Hometown Book Signing

Some of you may want to know how the book signing in my hometown went.

CS Signing 1

It came. It went. A few people braved the torrential rain to come out and support me. The microphone echoed and the people in the back row couldn’t hear me. There were multitudes of cell phones, pagers, and random college study group conversations peppering the reading session. We had to start the signing late because at about ten after four, no one had showed up, except for the family members I’d brought with me.

We sold a few copies of the book, but the bookstore will return a good number of the copies it ordered. We expected a crowd; we got a handful.

An objective analysis tells me the reading went well. Hey, at least I wasn’t mute or blind this time…. Still, it makes me wonder why I had an underlying expectation that, simply because I was in my hometown, more people would show up. Book signings aren’t exactly the hottest ticket in town on a Saturday afternoon.

CS Signing 2

I suppose my point here is that we have to be careful of developing expectations about how an event should unfold because we think we know the situation. I’m certainly guilty of that. I thought I could coast easy on this one—it was my hometown, after all. I expected to be reading to my third-grade Sunday school teachers and other folks who remembered me in pigtails and braces and whose sons used to jump up and down on my bed and pull my hair and hide my shoes and… well, you get the idea. I felt secure in knowing that people would come simply because they’ve known me since I was six years old.

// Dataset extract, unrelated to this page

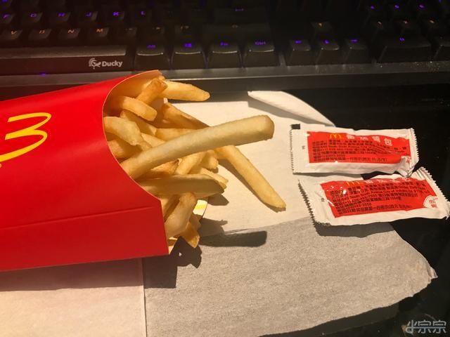新北餐廳最近又不能內用了, 所以外帶了麥當勞, 一定是店員看小宗宗比較可愛所以多給了一包番茄醬~
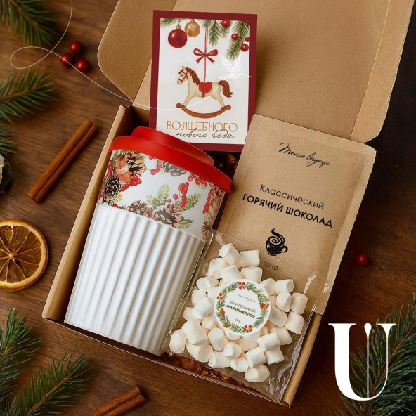 Подарочный набор из бокала, варежек, горячего шоколада и воздушного маршмеллоу

This business is tough. People’s tastes and affinities are fickle. People say things to be polite. People have great intentions, but when they see the sky turn black and it starts raining buckets, they balk. They become faint of heart and they understand that I’ll understand why they didn’t come. And you know what? I do.

I understand that doing this book tour was not about the number of books I could sell in one day. It was about the experience of sharing something I created with people I’ve never met, and of giving back to those who have supported me and believed in me all these long years. A decade of writing, summed up in the few random shoppers in the store who put their day on hold for almost an entire hour to listen to me read something that I wrote. If that isn’t awe-inspiring and humbling, I’ve completely lost my perspective.

So, how did the book signing go? It was a home run.